Lower down are entries containing pictures. Copy exactly, without those pictures, the lines from the line with "一位年轻女子手中拿着书,在一" through the line with "- Qwen Encoding: The".
(Beginning of Extracted entries)
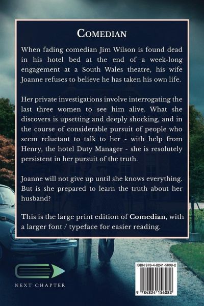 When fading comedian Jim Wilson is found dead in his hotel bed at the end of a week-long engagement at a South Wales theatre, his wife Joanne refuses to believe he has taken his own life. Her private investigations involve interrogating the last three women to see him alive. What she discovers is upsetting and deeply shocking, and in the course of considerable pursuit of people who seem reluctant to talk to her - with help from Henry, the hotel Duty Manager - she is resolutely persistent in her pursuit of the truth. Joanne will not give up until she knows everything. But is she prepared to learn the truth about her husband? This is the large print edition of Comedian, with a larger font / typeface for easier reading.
(End of Extracted entries)
(Beginning of Extracted entries)
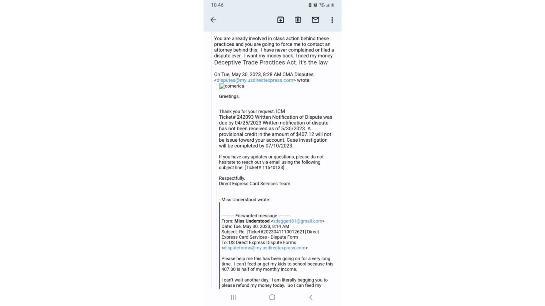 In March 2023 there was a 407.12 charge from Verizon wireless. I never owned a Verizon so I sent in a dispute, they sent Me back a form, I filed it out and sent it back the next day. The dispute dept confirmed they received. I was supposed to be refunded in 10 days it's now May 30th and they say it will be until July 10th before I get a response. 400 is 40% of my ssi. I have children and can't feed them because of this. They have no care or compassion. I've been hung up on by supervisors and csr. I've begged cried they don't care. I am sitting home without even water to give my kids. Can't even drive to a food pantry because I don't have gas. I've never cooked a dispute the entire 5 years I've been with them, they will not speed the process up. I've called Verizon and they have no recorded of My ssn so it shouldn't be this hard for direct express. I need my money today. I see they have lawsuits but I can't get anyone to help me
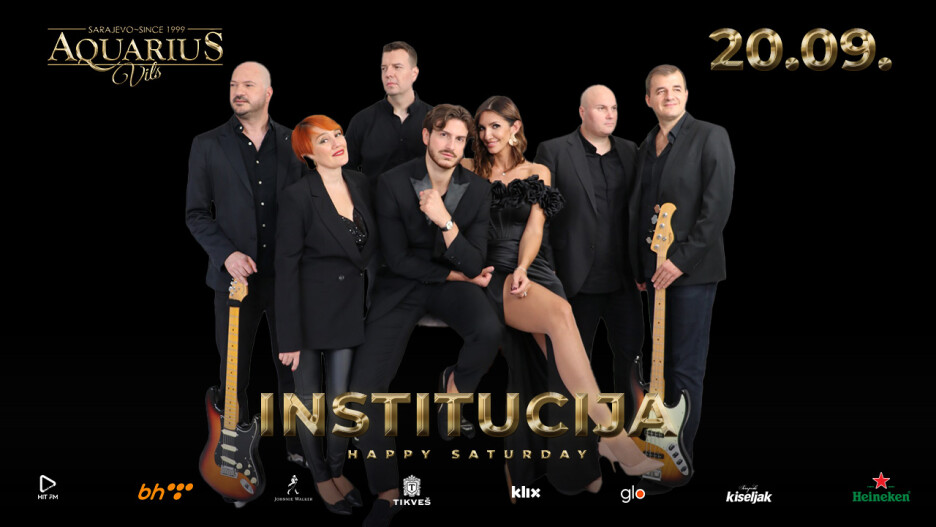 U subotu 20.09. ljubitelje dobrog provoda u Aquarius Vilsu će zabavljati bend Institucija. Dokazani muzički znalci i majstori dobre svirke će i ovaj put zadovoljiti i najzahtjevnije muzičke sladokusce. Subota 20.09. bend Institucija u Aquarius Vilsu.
(End of Extracted entries)
(Beginning of Extracted entries)
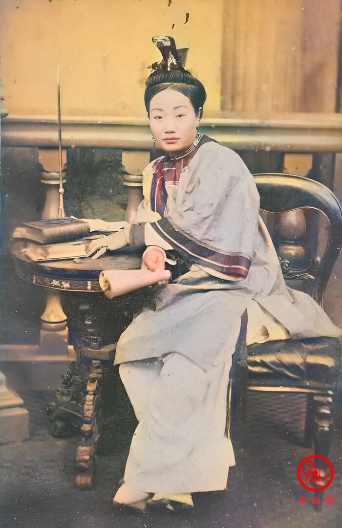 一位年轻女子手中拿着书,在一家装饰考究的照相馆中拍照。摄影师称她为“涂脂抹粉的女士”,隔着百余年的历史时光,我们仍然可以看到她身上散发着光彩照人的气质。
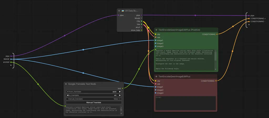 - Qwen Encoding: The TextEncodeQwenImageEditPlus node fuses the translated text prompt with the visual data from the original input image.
(End of Extracted entries)
▶ [Written answer]
 一位年轻女子手中拿着书,在一家装饰考究的照相馆中拍照。摄影师称她为“涂脂抹粉的女士”,隔着百余年的历史时光,我们仍然可以看到她身上散发着光彩照人的气质。
 - Qwen Encoding: The TextEncodeQwenImageEditPlus node fuses the translated text prompt with the visual data from the original input image.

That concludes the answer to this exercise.